Apple this week reported a surprising gain across many of its business lines, including services, wireless headphones and smartphones.
Further, company CEO Tim Cook made some mostly vague comments around 5G. "With respect to 5G, I think it's -- we're in the early innings of its deployment on a global basis. We obviously couldn't be prouder of our lineup and are very excited about our pipeline as well and wouldn't trade our position for anybody," Cook said during his company's quarterly conference call with investors, in response to a question about how 5G might affect Apple's business, including its line of iPhones.
"Generally, I think it's important when you think about 5G to look around the world at the different deployment schedules. And some of those look very different perhaps than what you might be seeing here. And so, that's very important," he added, according to a transcript of his remarks from Seeking Alpha, in response to a question about whether 5G iPhones might be more expensive than 4G iPhones.
Cook, of course, does not talk about products that Apple hasn't yet publicly introduced. But the company is widely expected to release iPhones this fall that will support 5G networks. Further, there's a good chance the company is at the very least considering adding 5G connections to other devices, including its laptops, watches, wireless headphones and tablets.
Thus, any commentary Cook may have on the topic of 5G is worth considering, given the major role that Apple in general and Cook specifically played in the development of 3G and 4G LTE technology. Indeed, Apple's iPhone, as well as other smartphones, generate the vast majority of traffic across such networks. Thus, wireless network operators moving from 4G to 5G are carefully watching how powerhouses like Apple and Samsung are handling their 5G strategies.
Finally, Apple in particular appears to be an important player to track in the space considering its increasingly solid financial footing.

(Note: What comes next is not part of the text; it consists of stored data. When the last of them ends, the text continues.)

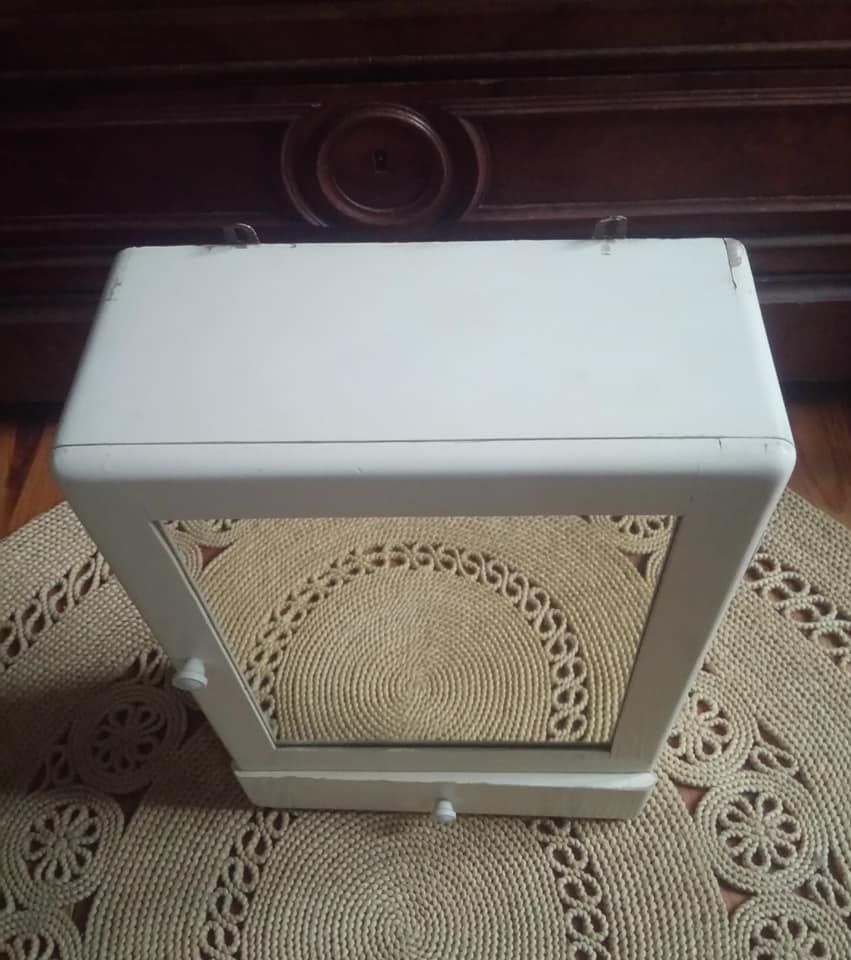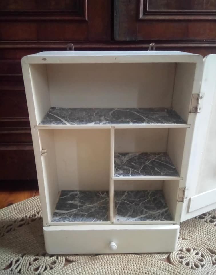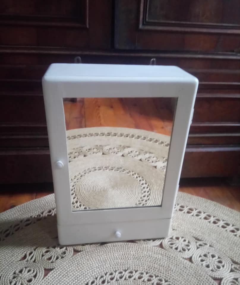 Charmante armoire de toilette en bois avec son miroir en façade et son tiroir.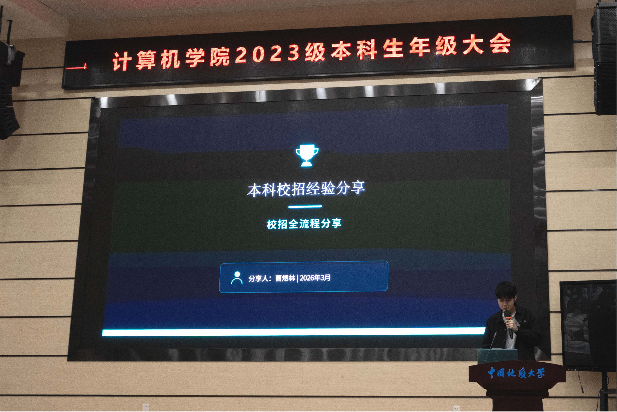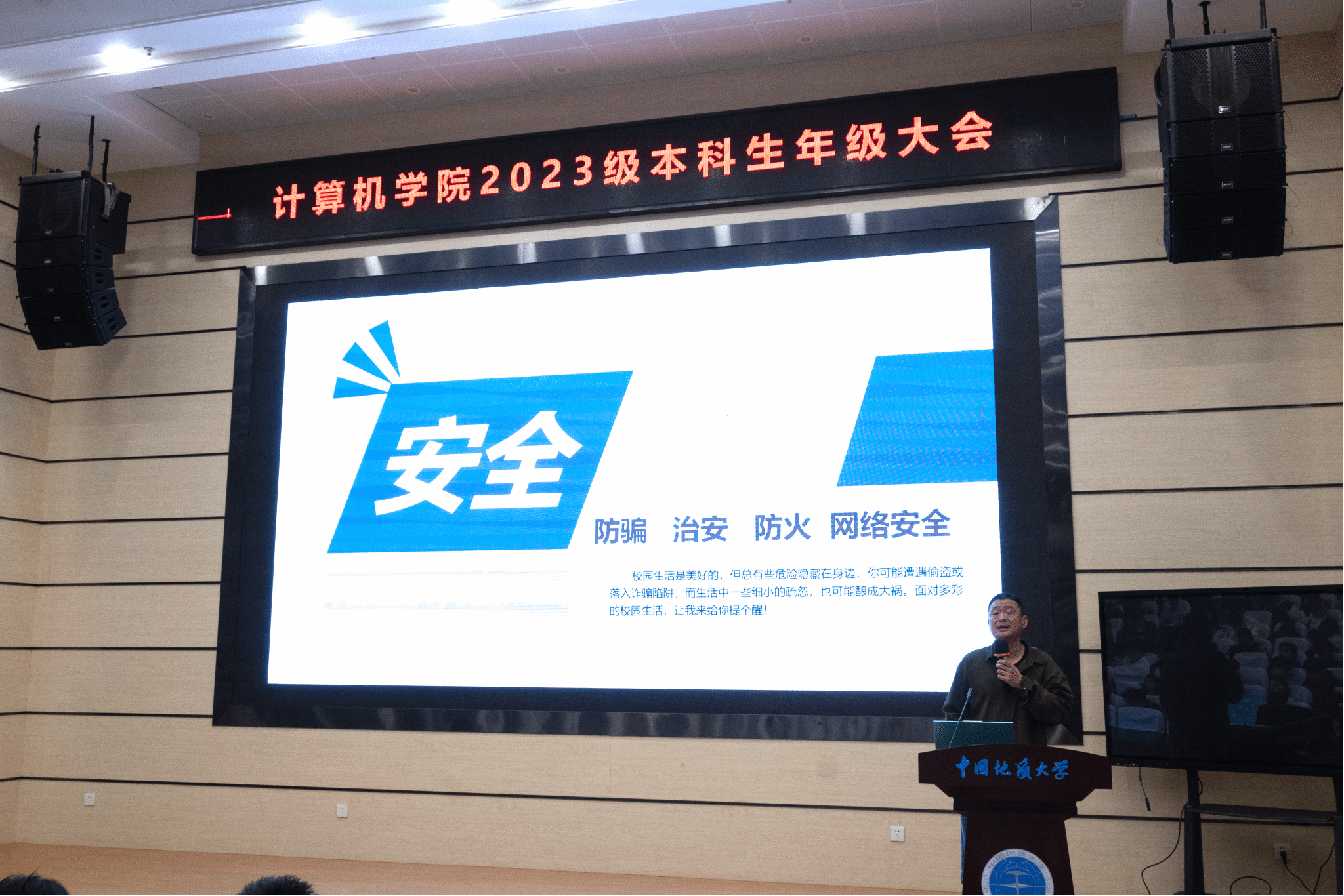 2026年3月30日,2023级本科生年级大会在公共教学楼一区208教室顺利召开。本次大会围绕安全教育、学情分析、就业经验分享及导学团队介绍等内容展开,旨在帮助2023级员工准确把握当前形势、科学规划未来发展。公司党委副书记林小艳、认知计算与知识工程实验室姚宏、校保卫处张献文、2022级员工代表曹煜林、2023级兼职辅导员以及2023级全体本科生参加大会,会议由2023级辅导员王骜菲主持。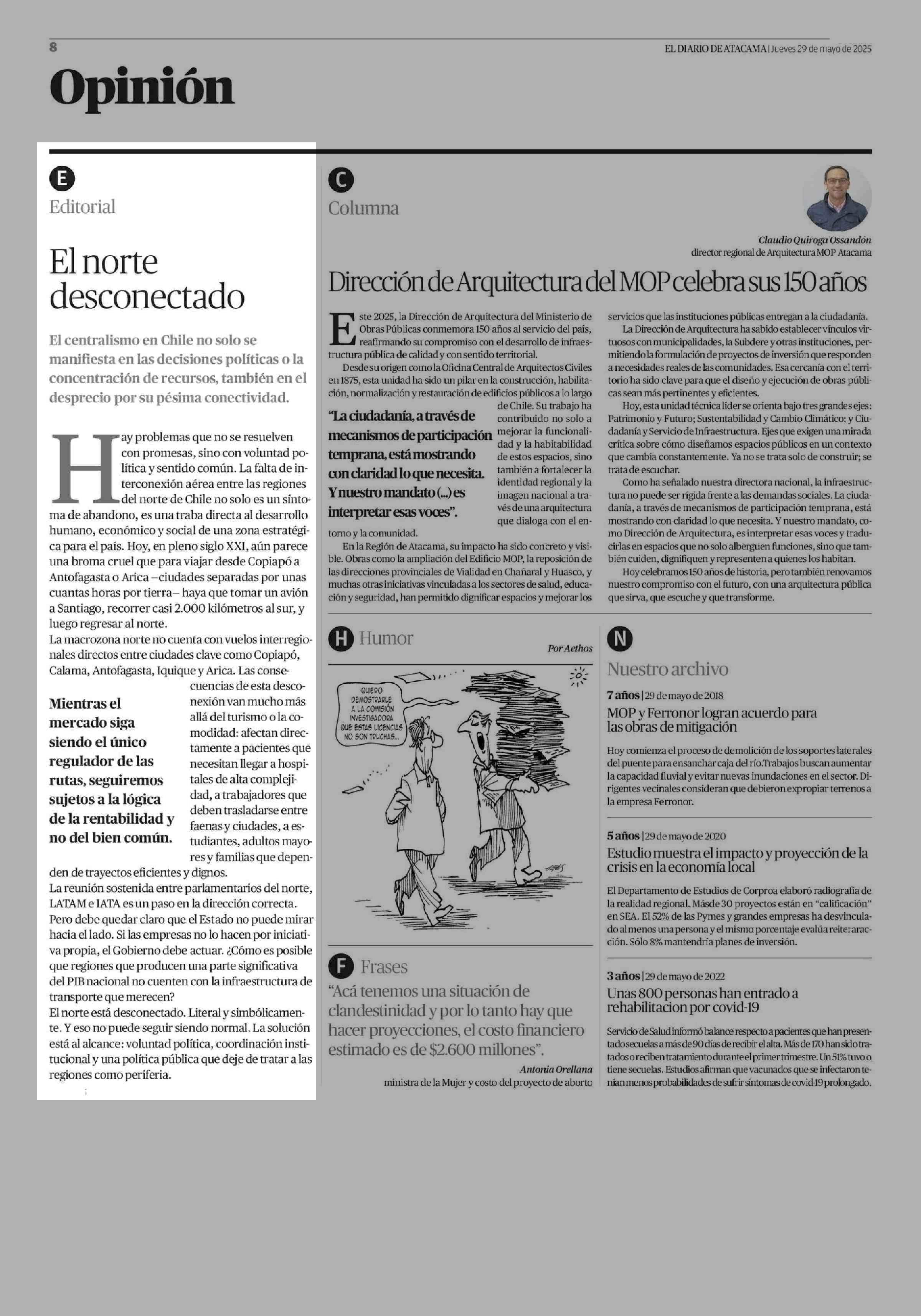 Editorial: El norte desconectado 29-05-2025 El Diario de Atacama |

As noted by the Wall Street Journal, Apple in its most recent quarter reported better-than-expected growth across many of its business areas -- and the company's iPhone operation reversed the decline it reported a year ago.
And now, most analysts are expecting 5G to help supercharge Apple's sales. "The pending 5G cycle is still the biggest catalyst for Apple moving forward in our view," wrote the Wall Street analysts at research firm Jefferies in a note to investors following the release of Apple's earnings. "Our FY'21 iPhone unit estimate is now at 211m versus the consensus for 200m. We expect the 5G cycle to bring significant upgrade activity."
Apple's anticipated entrance into the 5G field would definitely put pressure on the market's current suppliers. According to research firm Strategy Analytics, vendors shipped a total of 19 million 5G smartphones during 2019. China's Huawei leads the market with 37% share, while Korea's Samsung came in a close second with 36% share.
This year that number is expected to grow significantly. For example, Gartner forecasts that sales of 5G mobile phones will total 221 million units in 2020, accounting for fully 12% of all mobile phone sales. The firm said that, in 2021, that number will rise to 489 million units.
Indeed, just today Samsung announced a 5G variant of its Galaxy Tab S6 Android tablet, dubbed the Galaxy Tab S6 5G, for the Korean market, according to Android Central.